Each axis uses a logarithmic scale, which is convenient for making the map look more evenly filled but also visually exaggerates the size of the "key gap" that the monocaster is filling, which can be described as "vehicle with a single wheel smaller than 25 cm". The nearest competitors appear to be a two-wheel skateboard sometimes called a {{w|caster board}} (wheel diameter under 8 cm) and a single-wheel self-balancing board resembling a {{w|Onewheel}} (diameter around 25 cm). The Onewheel is sometimes described as a {{w|monowheel}} (though these are traditionally larger like the "1920s monowheel" on the upper left). Randall appears to have combined these two names to create the monocaster. This gives up several of the competitors' features - the caster board's two wheels provide enough stability to propel the vehicle manually, while the Onewheel's single wheel is wide (assisting with sideways balance) and powered by a self-balancing mechanism.

The result resembles a {{w|Balance board#Sphere-and-ring|"Sphere-and-ring" balance board}}, or other types, though these provide limited locomotion potential. The joke depends on the caster's obvious impracticality in this role: the hole in the market was open ''for a reason''. The obvious drawback to any single-wheeled vehicle is that it's difficult to balance: the rider has to avoid falling forward or backward, as well as to either side. This is a major reason why one-wheeled vehicles are uncommon to begin with, but those vehicles which do exist compensate by using relatively large wheels, driven either by human power or a motor, which creates rotational inertia and allows the rider to balance simply by leaning forward.

A single, small, undriven wheel eliminates these balancing forces, meaning that the user would essentially need to balance on a single point. Also, most casters swivel, meaning that the balance point would move around under the rider's feet and make it even more difficult to balance. In addition, there's no apparent means of propulsion, which means the only way to move forward would be to either roll exclusively downhill, or use one foot to push off the ground. Either strategy would make retaining balance almost impossible.

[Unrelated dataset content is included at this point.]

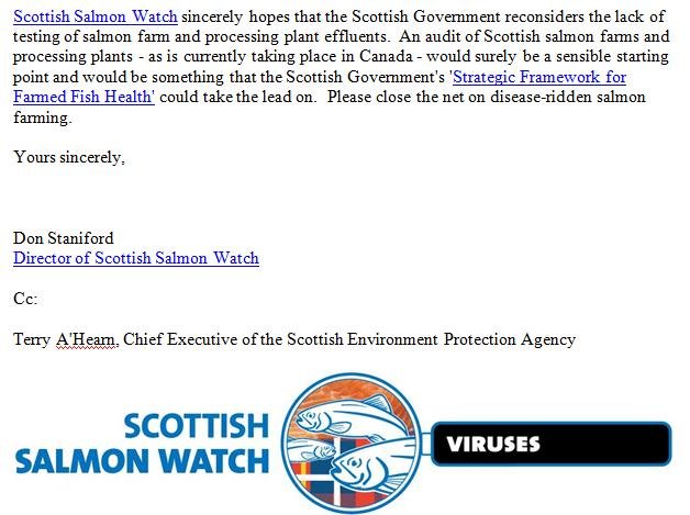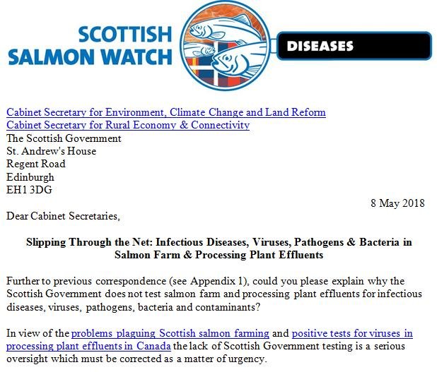 Letter to Scottish Government re. Infectious Diseases in Salmon Farming Effluents May 8, 2018 Download the letter in full as a PDF online here The letter concludes:

Multiple-wheeled vehicles greatly reduce the issue of balance simply by having multiple points of contact with the ground. The size of the wheels varies greatly; small, rigid wheels are generally suitable only for flat, smooth, rigid surfaces at relatively slow speeds, while vehicles expected to handle high speeds and varying road (and off-road) conditions will necessarily have larger wheels.

The "monocaster" design offers no advantages and would be nearly unrideable, making it obvious why such a vehicle has never been seriously proposed.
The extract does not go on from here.